Despite differences between the right and the far right — differences dramatized by the media, which are differences in degree, not in their essence — there is in reality no discontinuity. The right wing of high finance, which Emmanuel Macron serves, and the extreme right of the reactionary bourgeoisie of Marine Le Pen form a terrible, dramatic political continuum that unites to defend a dying capitalism. One is neoliberal-globalized, the other obscurantist-nationalist, but both want the current economic system.
Macron and Le Pen share class interests
Over and above mutual personal hatreds, which exist, common class interests will soon bring them closer together in an effort to save their system, whatever the cost.
The people will have to find in themselves the energy to amplify their struggles in order to free themselves from the deadly vise where the jaws of the two-headed monster of the modern far-right will surround them: terrorist and reactionary political Islam on one side, selfish bourgeois and racist chauvinism on the other side. The danger is there.
Meanwhile, on Saturday, Dec. 22, for the “Act VI” of their mobilization, the Yellow Vests tested the effectiveness of the intelligence services. Watched very closely by the eyes of the Ministry of the Interior, their social networks called for a rally — a highly symbolic one — in front of the gates of the Château de Versailles. The prefect quickly ordered its closure and immediately sent the CRS [riot police] to guard the area and protect the businesses.
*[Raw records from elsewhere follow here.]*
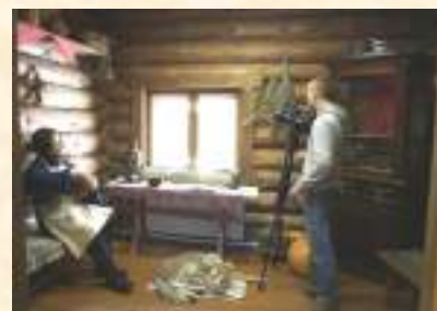
Съемки новой экспозиции для программы «Госпожа у дачи» ТРК «Моя Удмуртия»

В течение года велась активная работа в автоматизированной информационной системе «Единое информационное пространство в сфере культуры» и портале Министерства культуры и туризма УР «Масмер».
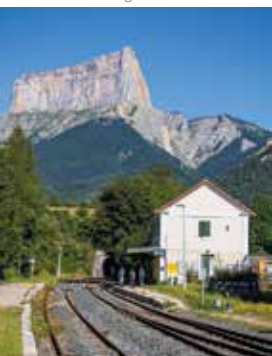
Depuis la gare de Clelles
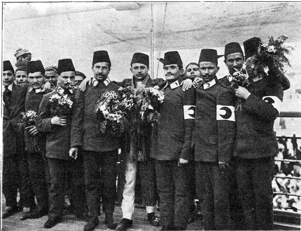
Avant leur départ pour le théâtre des hostilités, les membres du Croissant-Rouge sont couverts de fleurs apportées par leurs frères tunisiens
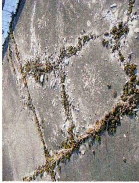
防水保護コンクリートの亀裂
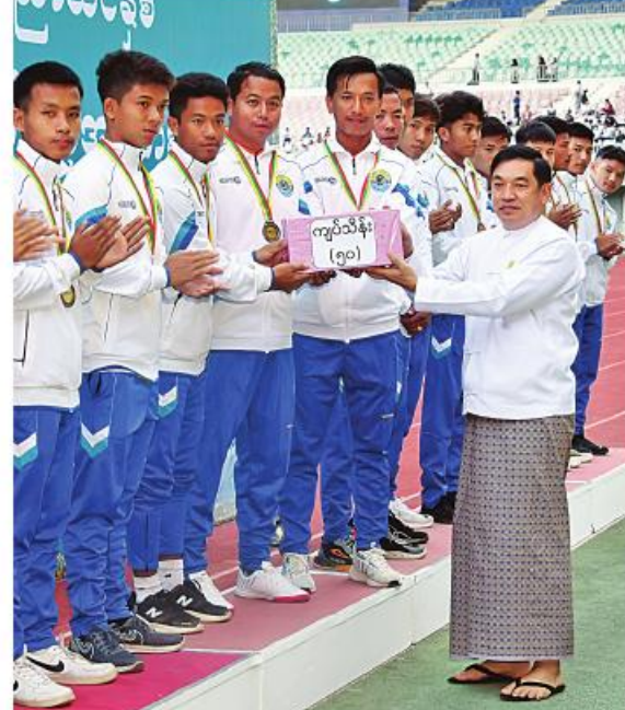
နိုင်ငံတော်စီမံအုပ်ချုပ်ရေးကောင်စီအဖွဲ့ဝင် ဒုတိယဗိုလ်ချုပ်ကြီး ညိုစော တတိယဆုရရှိသည့် ရန်ကုန်စုန်(က)အသင်းကို တစ်ဦးချင်း ဆုတံဆိပ်များနှင့် ဂုဏ်ပြုဆုငွေများ ပေးအပ်ချီးမြှင့်စဉ်။

ပိုင်းကို ဆက်လက်ယှဉ်ပြိုင်ကစားကြရာ ပွဲကစားချိန် မိနစ် ၅၀ တွင် မန္တလေးစုန် (ခ)အသင်းက တတိယဂိုးကို ထပ်မံသွင်းယူ နိုင်ခဲ့သည်။ ယင်းနောက် တစ်ဖက်နှင့်တစ်ဖက် အပြန်အလှန်ပိအားပေးကစားကြပြီး ပွဲကစား ချိန် ၅၉ မိနစ်တွင် မန္တလေးစုန်(က)အသင်း က ပထမဆုံးချေပဂိုးကို ပြန်လည်သွင်းယူ နိုင်ခဲ့ပြီး ပွဲကစားချိန် ၇၄ မိနစ်တွင် ဒုတိယ ချေပဂိုးကို စာမျက်နှာ ၂၀ သို့
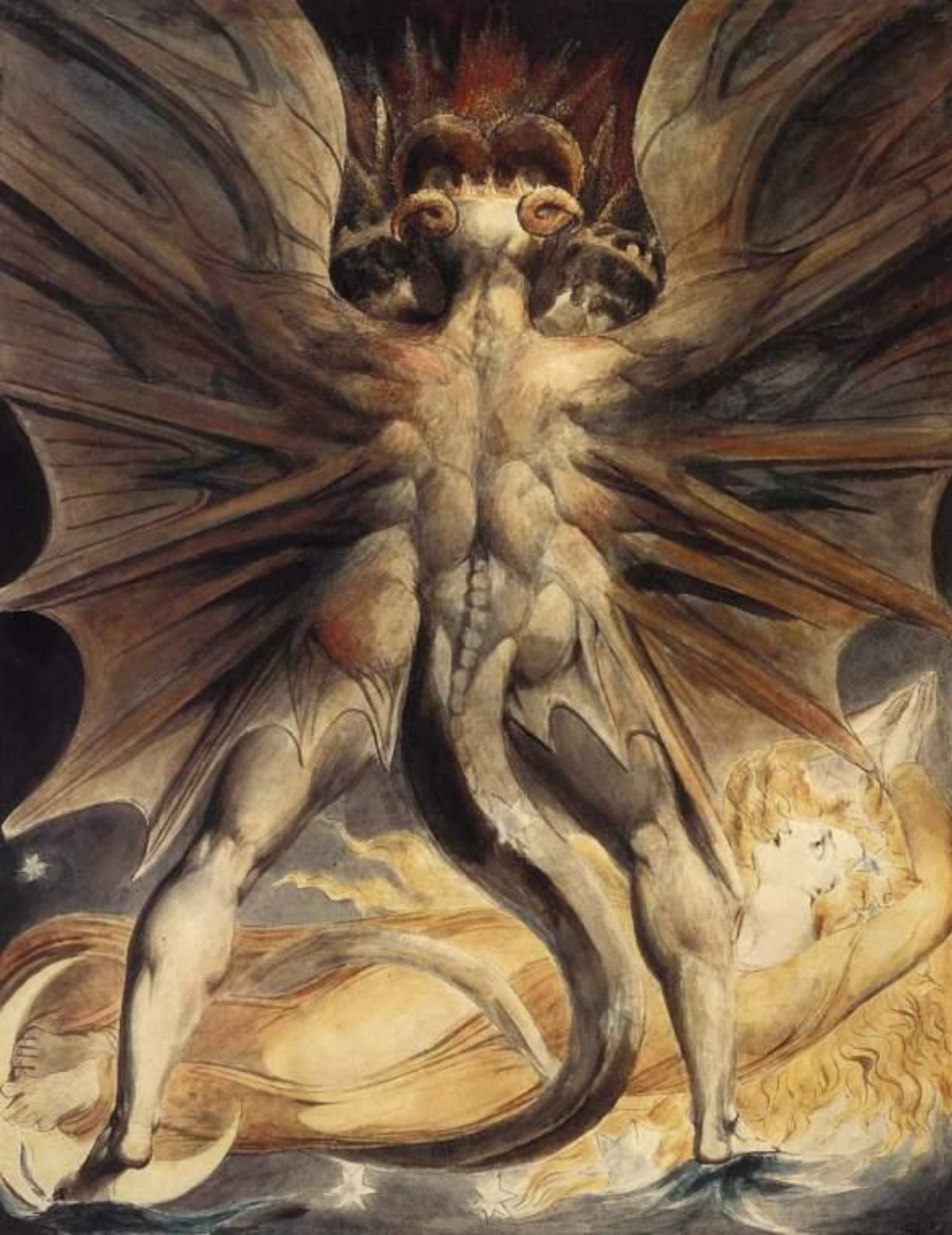
Великий красный дракон 1810 год

The protest was a decoy! Some 20 Yellow Vests, no more, were present on the scene that morning, to laugh at the joke and mock the mass arrival of the police.
At the same time, in Paris, most of their comrades dressed in yellow, who, to keep the action a surprise, were notified at the last minute, gathered around the Place de l’Étoile or around the Basilique du Sacré-Cœur at the top of the slopes of the Montmartre hill, among others. And since Parisian security devices had boasted of being “extremely mobile” in previous weeks, groups of Yellow Vests played cat and mouse with them, making them run all day long in the streets of the capital, blocking the traffic routes at random, here and there, to a concert of horns of supportive motorists and the applause of amused tourists.
On Dec. 22, however, the police did succeed in stopping, at different points in the territory, several particularly active “symbols” of Yellow Vests. This was the case with Éric Drouet, arrested at midday in the Madeleine district of Paris and placed in police custody for “unlawfully organizing a demonstration, participating in a group formed for violence or degradation, and carrying a prohibited weapon.”
The weapon in question was a piece of wood. Its owner, a professional truck driver, keeps it on him at all times as a means of defense, according to his lawyer. Immediately after the announcement of Drouet’s arrest, hundreds of Yellow Vests emerged from this sovereign people, all proclaiming themselves “leaders of the movement” and demanding Drouet’s release … or their own arrest!
Herrera is a Marxist economist, a researcher at the Centre national de la Recherche scientifique (CNRS), who works at the Centre d’Économie de la Sorbonne, Paris. WW staff translated this article.